§ **Records for processing**
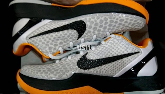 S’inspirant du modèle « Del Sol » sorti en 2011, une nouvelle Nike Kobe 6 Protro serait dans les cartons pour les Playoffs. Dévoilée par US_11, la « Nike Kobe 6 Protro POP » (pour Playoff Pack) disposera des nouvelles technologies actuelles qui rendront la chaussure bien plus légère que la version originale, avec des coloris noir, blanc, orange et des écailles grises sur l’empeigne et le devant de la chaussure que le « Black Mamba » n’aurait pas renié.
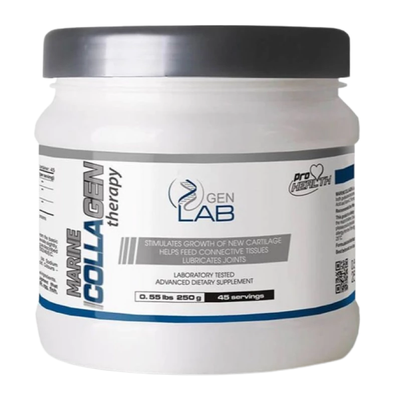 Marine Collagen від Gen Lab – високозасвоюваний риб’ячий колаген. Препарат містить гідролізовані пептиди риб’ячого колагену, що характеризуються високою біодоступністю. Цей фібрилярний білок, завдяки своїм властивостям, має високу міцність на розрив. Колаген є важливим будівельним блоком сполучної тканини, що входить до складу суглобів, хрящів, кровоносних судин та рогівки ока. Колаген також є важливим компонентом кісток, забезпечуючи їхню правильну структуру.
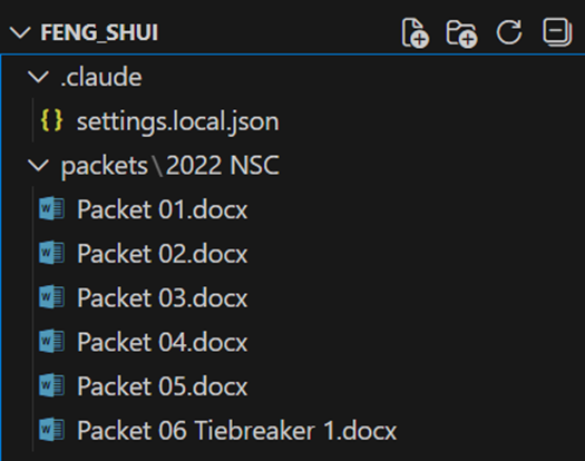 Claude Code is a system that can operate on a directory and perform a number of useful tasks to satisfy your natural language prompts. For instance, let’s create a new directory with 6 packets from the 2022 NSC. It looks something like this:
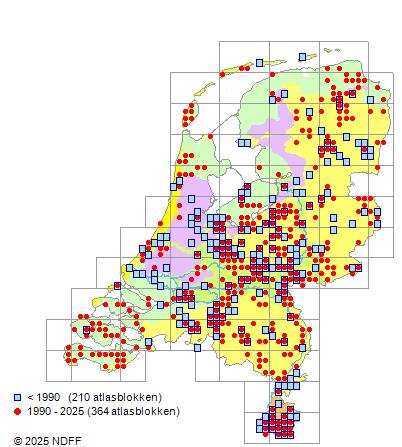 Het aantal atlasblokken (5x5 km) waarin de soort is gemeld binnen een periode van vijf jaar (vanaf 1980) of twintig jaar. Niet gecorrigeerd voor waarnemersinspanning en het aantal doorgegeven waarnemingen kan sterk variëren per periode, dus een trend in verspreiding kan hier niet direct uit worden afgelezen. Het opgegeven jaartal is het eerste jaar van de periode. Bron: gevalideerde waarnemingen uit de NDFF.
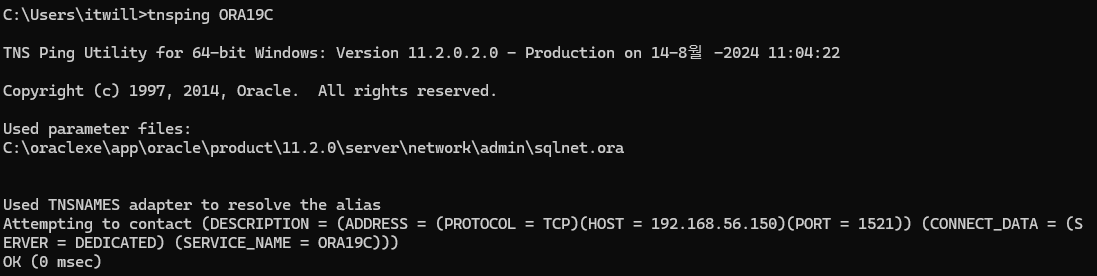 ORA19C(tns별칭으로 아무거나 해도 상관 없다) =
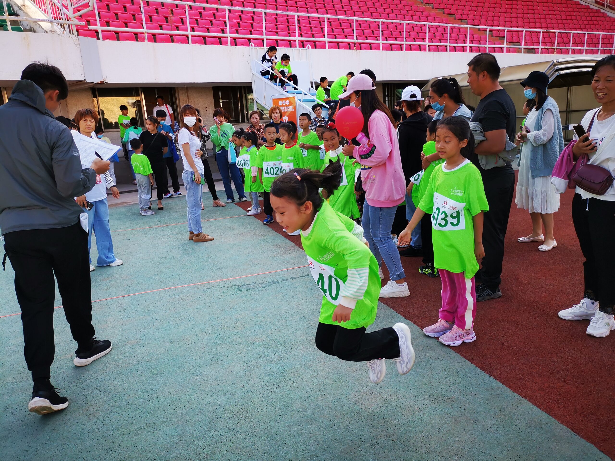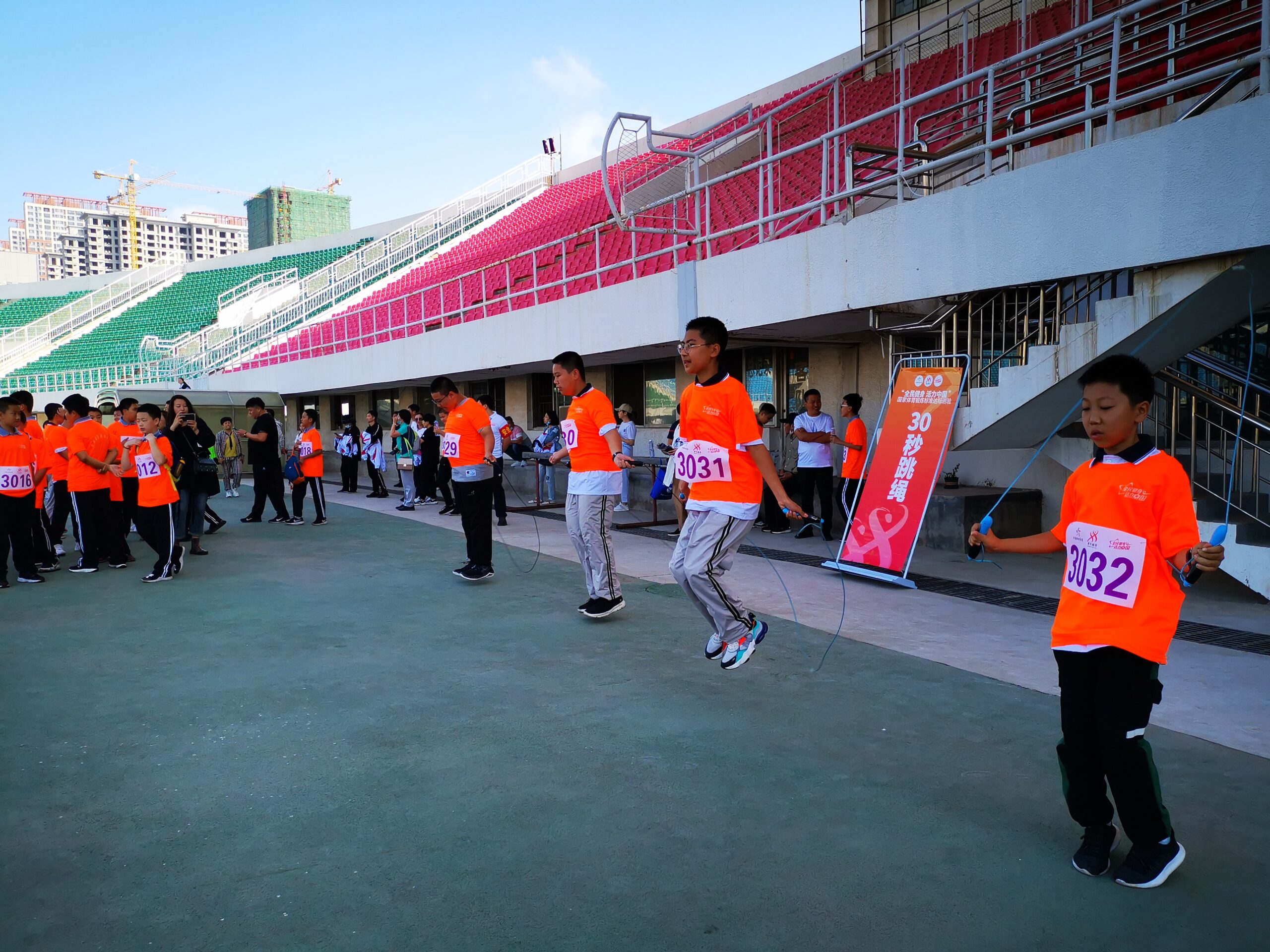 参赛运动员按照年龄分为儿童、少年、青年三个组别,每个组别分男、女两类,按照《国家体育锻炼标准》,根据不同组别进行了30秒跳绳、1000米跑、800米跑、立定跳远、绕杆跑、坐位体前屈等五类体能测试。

§ **Required work**
Your task is to return the lines above, from the first one up to and including the line containing "Claude Code is", minus any pictures.

§ **Task solution**
 S’inspirant du modèle « Del Sol » sorti en 2011, une nouvelle Nike Kobe 6 Protro serait dans les cartons pour les Playoffs. Dévoilée par US_11, la « Nike Kobe 6 Protro POP » (pour Playoff Pack) disposera des nouvelles technologies actuelles qui rendront la chaussure bien plus légère que la version originale, avec des coloris noir, blanc, orange et des écailles grises sur l’empeigne et le devant de la chaussure que le « Black Mamba » n’aurait pas renié.
 Marine Collagen від Gen Lab – високозасвоюваний риб’ячий колаген. Препарат містить гідролізовані пептиди риб’ячого колагену, що характеризуються високою біодоступністю. Цей фібрилярний білок, завдяки своїм властивостям, має високу міцність на розрив. Колаген є важливим будівельним блоком сполучної тканини, що входить до складу суглобів, хрящів, кровоносних судин та рогівки ока. Колаген також є важливим компонентом кісток, забезпечуючи їхню правильну структуру.
 Claude Code is a system that can operate on a directory and perform a number of useful tasks to satisfy your natural language prompts. For instance, let’s create a new directory with 6 packets from the 2022 NSC. It looks something like this:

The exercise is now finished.